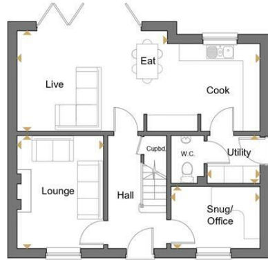
Ground Floor 64 sq.m. 689 sq.f.
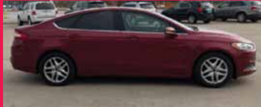
2015 FORD FUSION FWD, 4 Cyl., Red
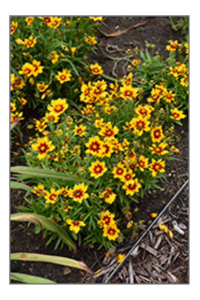
UpTick Gold and Bronze Tickseed in bloom

UpTick Gold and Bronze Tickseed is a fine choice for the garden, but it is also a good selection for planting in outdoor pots and containers. It is often used as a 'filler' in the 'spiller-thriller-filler' container combination, providing a mass of flowers against which the thriller plants stand out. Note that when growing plants in outdoor containers and baskets, they may require more frequent waterings than they would in the yard or garden.
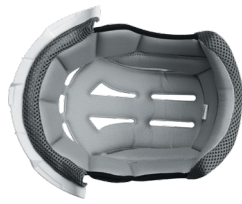
black/grey - 1001
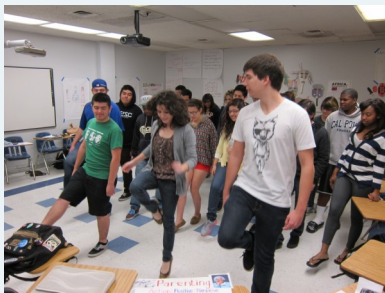
Success in Science class doing an interactive presentation
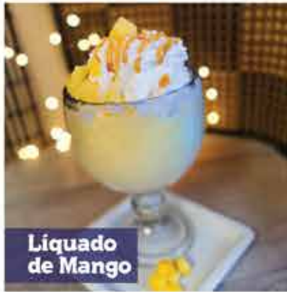
Liqueado de Mango
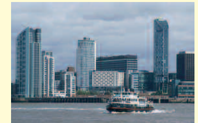
The Mersey Ferry
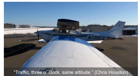
"Traffic, three o'clock, same altitude." (Chris Houston)

When winter sets in, but still allows a journey out of the local area, those opportunities need to be seized! Seven people took advantage of the stellar day to visit St Marys (KOYM) for breakfast.
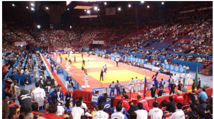
The team competition under way

So it was all over once again...time for many to celebrate, and for others to reflect. The race for Olympic positions now really hots up over the final year, and the results in Paris show that there will be more surprises along the way.
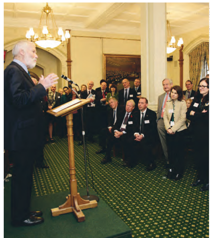
Sir Chris Bonington addresses the reception audience
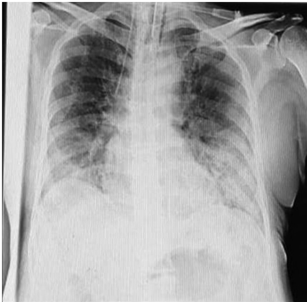
Fig. 2 X-ray of COVID-19 positive case.
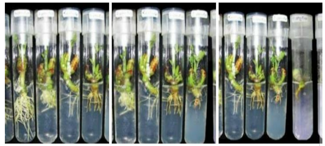
Figure 03: Seed germination on water agar test tube after 15th day in SM-008.
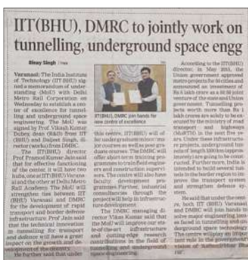
MoU signed between IIT (BHU) and DMRC in underground space engg.
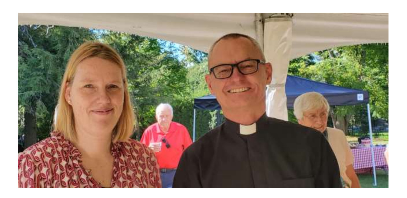
Together with the Catholic St. Albertus church, we celebrated the German Erntedankfest in the garden of the German Embassy!

════════════════════

**DIRECTIONS FOR THIS TASK:** List each line of the entries that holds the string "more".

**ANSWER BOX:**
UpTick Gold and Bronze Tickseed is a fine choice for the garden, but it is also a good selection for planting in outdoor pots and containers. It is often used as a 'filler' in the 'spiller-thriller-filler' container combination, providing a mass of flowers against which the thriller plants stand out. Note that when growing plants in outdoor containers and baskets, they may require more frequent waterings than they would in the yard or garden.
So it was all over once again...time for many to celebrate, and for others to reflect. The race for Olympic positions now really hots up over the final year, and the results in Paris show that there will be more surprises along the way.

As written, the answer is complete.